Since these are not native language features of Apex, we would have to build them out ourselves, similar to Java. However, the main problem preventing us from nicely implementing map, filter, and reduce is the lack of anonymous (lambda) functions in Apex. It is understandable why lambdas are not currently supported, since there is a focus on statically-typed, statically-defined code that is easy to test and scale. Thankfully, this is a feature on Salesforce’s roadmap, which will open up a lot of new opportunities once it’s here. In the meantime, we can do our best to implement Java Streams in Apex.

At its core, Streams are just collections; lists that can be iterated on. We can then apply operations to each entry (map), filter records based on criteria (filter), or produce a singular output based on all entries (reduce). Without having anonymous functions, we cannot write these operations in-line, so we will have to create them ahead of time.
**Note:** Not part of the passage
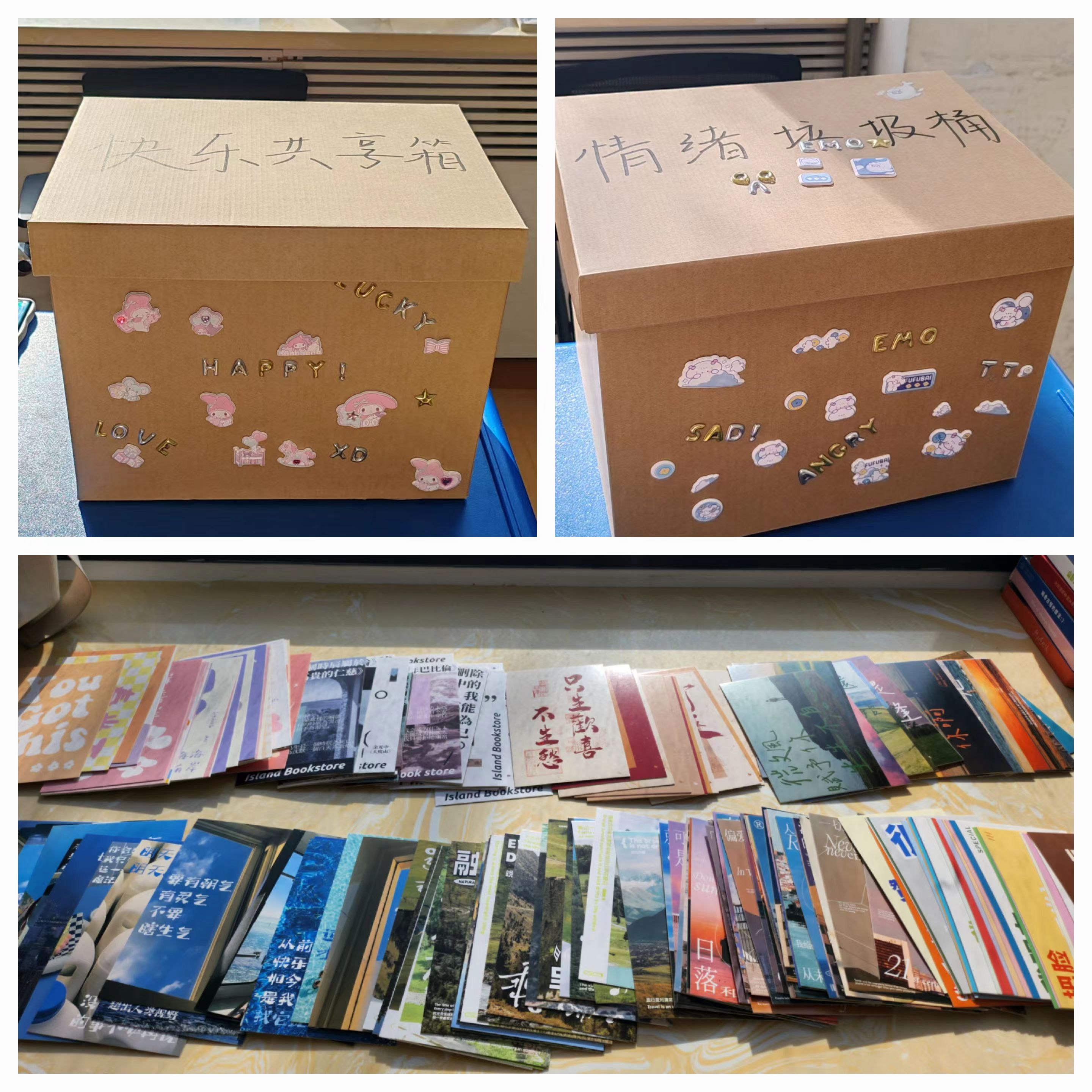 本次活动分三个阶段开展。首先是“快乐共享箱”和“情绪垃圾桶”环节,同学们写下自己的快乐趣事,投入“快乐共享箱”中,同时抽取一位其他同学的快乐卡片,分享他人的喜悦,共同传递快乐情绪;此外,同学们也记录了自己的烦恼困惑,投入“情绪垃圾桶”,倾诉自己的“忧心事”,寻找情绪波动的原因,更加了解自己,并学习如何宣泄释放负面情绪,为自己找寻释放压力的正确渠道,增强了同学们的心理韧性。

These will be defined as implementations of an interface with one method, which takes an input and produces an output. The Stream class will then have mapTo(), filterTo(), and reduceTo() functions that apply a given operation to the inner collection.

Let’s take a look at that first utility function we made:

 // Example
   List<Contact> contacts = [SELECT Id, AccountId FROM Contact];
   Map<Id,List<Contact>> contactsByAccountId = mapRecordsByIdField(contacts, 
   'AccountId');

Now let’s look at how we can do this with our Stream class:

  // Example
   List<Contact> contacts = [SELECT Id, AccountId FROM Contact];
   Map<Id,List<Contact>> contactsByAccountId =                                                                                  
   Stream.of(contacts).toSObjectListIdMap(Contact.AccountId, Contact.class);

The Stream.of() method is a static method that creates a Stream from a given List of objects. Then, the toSObjectListIdMap() method performs the mapping operation to create the result. The method is written almost exactly the same as our original utility method, but is built as a reduce operation of the Stream. One nice thing we can implement here is a fluent interface. All three core methods of the Stream return a modified version of the original Stream, which not only makes our class immutable, but also allows us to do fancy method chaining like this:

 // Gets unique AccountIds where Contact has FirstName
List<Contact> cons = [SELECT Id, AccountId FROM Contact];   
Set<Id> accountIds = Stream.of(cons)
       .filterToField(new Stream.NotNull(), Contact.FirstName)
       .mapTo(Contact.AccountId)
       .uniqueIds();

The filterToField() method used here is a special case. Normally, filterTo() applies operations such as Stream.NotNull() to the entries themselves, but we often want to filter on fields of those entries, hence filterToField(). 

Streams are one way we can streamline our development by creating reusable and readable code. They end up being extremely useful since we are always working on collections of records in Apex. Until we get native support for anonymous functions, we can continue to write helper functions around Streams to simplify syntax and increase readability.